Abstract
Orientation hypercolumns in the visual cortex are delimited by the repeating pinwheel patterns of orientation selective neurons. We design a generative model for visual cortex maps that reproduces such orientation hypercolumns as well as ocular dominance maps while preserving retinotopy. The model uses a neural placement method based on t–distributed stochastic neighbour embedding (t–SNE) to create maps that order common features in the connectivity matrix of the circuit. We find that, in our model, hypercolumns generally appear with fixed cell numbers independently of the overall network size.
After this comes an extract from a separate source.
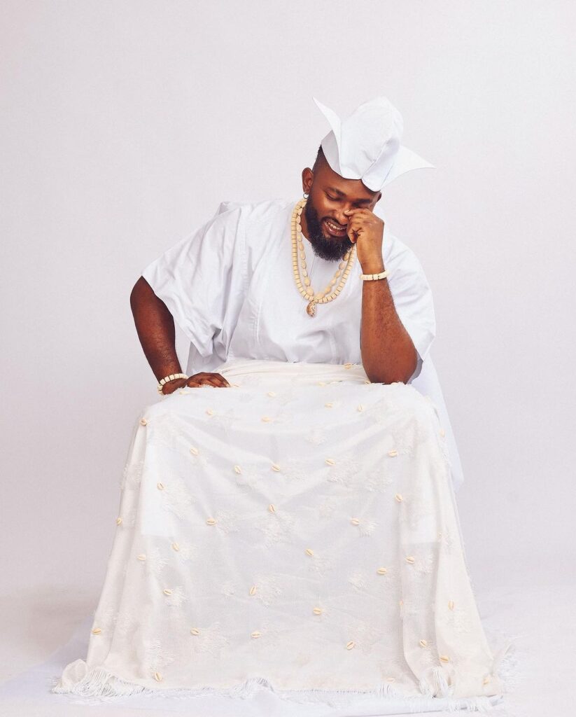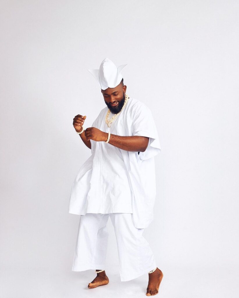 In the captivating photos, the talented actor and TV presenter from Delta state donned a Yoruba traditional attire, resembling the attire worn by Ifa priests in the South-west region of Nigeria.

These results would suggest that existing differences in absolute pinwheel densities are a consequence of variations in neuronal density. Indeed, available measurements in the visual cortex indicate that pinwheels consist of a constant number of ∼30, 000 neurons. Our model is able to reproduce a large number of characteristic properties known for visual cortex maps. We provide the corresponding software in our MAPStoolbox for Matlab.
In brief We present a generative model that predicts visual map structures in the brain and a large number of their characteristic properties; a neural placement method for any given connectivity matrix.
Highlights
Generative model with retinotopy, orientation preference and ocular dominance.
Prediction of constant neuronal numbers per orientation hypercolumn.
Curated data shows constant ∼30, 000 neurons per pinwheel across species.
Simple explanation for constant pinwheel and orientation hypercolumn ratios.
Precise prediction of ∼80% nearest neighbour singularities with opposing polarity.
Model asymptotically approaches realistic normalised pinwheel densities.
Small brains with < ∼300 potential pinwheels exhibit salt-and-pepper maps.
Different map phenotypes can exist even for similar connectivity.
Competing Interest Statement
The authors have declared no competing interest.